At a layover in Munich, Cook worried that her bags wouldn’t fit into the smaller aircraft to Warsaw. But when an airport worker saw the blue-and-yellow stickers, she said, they insisted: “I don’t care if the other bags get on, yours are going first.”
In Warsaw, the chief baggage handler told Cook the only people who arrived with so much luggage were oligarchs and movie stars.
When she showed a dubious customs official a letter from Beit Polska detailing what the bags were for, he patted her on the back and helped her through.
Since the war began, at least 1.8 million Ukrainian refugees have arrived in Poland, according to the United Nations — a number that matches the Warsaw’s pre-war population.

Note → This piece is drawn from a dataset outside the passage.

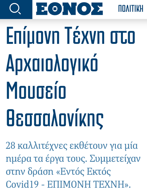 Venue 4: Participation in the collective art exhibition "In and Out of Covid" organized by "Epimoni Techni" curated by Chris Barjoka, 17 June 2020, at the Archeological Museum of Thessaloniki, Greece

Members of Beit Polska met Cook at the airport and drove directly to Warsaw’s Nozyk Family Synagogue.Inside, Cook immediately met two Ukrainian women. The first, who has a master’s degree in human resources, said she wanted to find work but had no clothes to go out and meet employers — exactly the kinds of clothes Cook had brought.
“She didn’t know who I was or why I was there,” said Cook. “I just walked into the room and they were taking things. They were so grateful.”
The second woman, who works part-time for an international technology company, told Cook she had arrived in Poland four days earlier with nothing but her mother, grandmother and two cats.
“Her mother said it’s either we take the two cats, or we take other things,” Cook said. “The family decided to take the cats. They couldn’t bear to lose any more.”
Now, she also has what to wear for her job interviews.
Cook said on Wednesday that she planned to stay in Warsaw one more day to find out what else people need. One worker told her people want flip-flops because they have to take communal showers. Whatever it is, Cook told me, she plans to return to the Bay Area and find it. Whether she herself returns with the remaining suitcases, or sends friends, or finds a different way to deliver more necessities, she has no plans to stop.
“I’m not going to be shy to ask for help,” she said. “I need to be associated with good when it comes to Ukraine. I need to feel something positive about it.”